Request: Obviously every company or product team will have context-specific factors that make their situation a little different. Instead of yelling at the screen telling me why these solutions won’t work at your company, please share your unique experiences and help us all get smarter. Thank you!

1. How do product teams that are spread across geographies, time-zones and functional areas of work find alignment?

The biggest challenge facing remote or distributed teams is not some unmet technology solution. It’s not a better conference calling solution or another task management app (no more project management tools, please!). The real challenge is getting to know each other. Specifically, it’s the lack of opportunities to get to know each other that hurts teams.

Strong bonds of trust are harder to form when teams are not co-located. If I don’t get to know you, then it’s harder for me to trust you. Knowing you gives me confidence in our ability to understand each other. Seen from the perspective of the company, trust and confidence, almost always lead to alignment. Head of Design and User Experience at Philips Lighting, José Manuel dos Santos, sees creating alignment as his primary job.

José believes that “Every company engages in an effort of trying to understand how to align a strategic direction with everyday work.” He describes this alignment as nothing more than making sure that “The different people in the organization, which all have different perspectives, different ways of working, and different ways of engaging the future, all just want an opportunity to do their job.”

Frequent meetings explicitly for the purpose of discussing the vision, values and purpose are essential to healthy team relationships. In successful organizations, conversations about vision and values are not confined to the annual company meeting. These product orgs find ways to inject these conversations about alignment into their daily informal conversations, ongoing mentoring relationships and highly visible communications.

2. How do product teams balance weak signals and anecdotal evidence with contradicting quantitative market trends?

At user-centric product companies like Pluralsight, it’s often the case that when faced with these conflicts “the customer breaks the tie”. This is a very reasonable way to weight market-based (externally sourced) quantitative evidence against product specific qualitative feedback from your own user studies. Breaking the tie with qualitative feedback (e.g. user interviews) works if the conflict is with market data. This is because each product potentially has a unique value proposition and won’t always be aligned with the macro market or industry data.

It becomes much harder to evaluate these things when the external sourced data is at the product level because the differences between competitive product features are almost indistinguishable to the end user. Furthermore, at the product level, the customer’s behavior is often driven by brand loyalty or emotional investments in that product.

Ultimately the research needs to demonstrate unequivocally what the customer cares about most. If you’re unable to isolate the problem the user wants solved, and connect that problem to a solution you can provide, then all the market data in the world isn’t going to help.

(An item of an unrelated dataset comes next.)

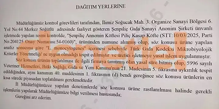 "Müdürlüğümüz kontrol görevlileri tarafından, İlimiz Soğucak Mah. 3. Organize Sanayi Bölgesi 6. Yol No:44 Merkez Söğütlü adresinde faaliyet gösteren Şenpiliç Gıda Sanayi Anonim Şirketi unvanlı işletmede yapılan resmi kontrolde "Şenpiliç Annemin Köftesi Piliç Kasap Köfte" (STT 10/03/2025 - Parti no: 204124) ürününden numune alınmış olup, söz konusu ürüne yapılan analiz sonucuna göre 'L. monocytogenes' içermesi sebebiyle Türk Gıda Kodeksi Mikrobiyolojik Kriterler Yönetmeliği'ne uygun olmadığı tespit edilmiştir ve üretici işletmeye yasal işlem uygulanmıştır.
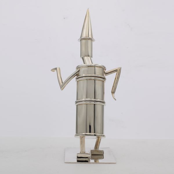 h. 22 cm.orafo Adolfo Franchi, Roma, caffettiera scultura in argento 925, firmata, peso 402 gr.

3. How do you balance building on known usage patterns with inventing new (or improved) ways for customers to use an interface?

This could probably be answered in a similar way to the above qualitative vs quantitative argument — what does your customer care about? If new patterns make a big difference to how your customer perceives your value then you should invest in those patterns. If the switching costs are high, or users simply don’t care enough about the incremental changes, then adding “new and improved” features or patterns will be pointless.

Ultimately, it’s a very context specific question. Knowing how to balance trending best practices with the observed patterns which align with your user’s perceptions of favorable user experience is essential. In highly technical environments a challenging interface may actually serve the user’s needs for validation as an expert, while in broad reaching consumer UI this could create the reverse outcome.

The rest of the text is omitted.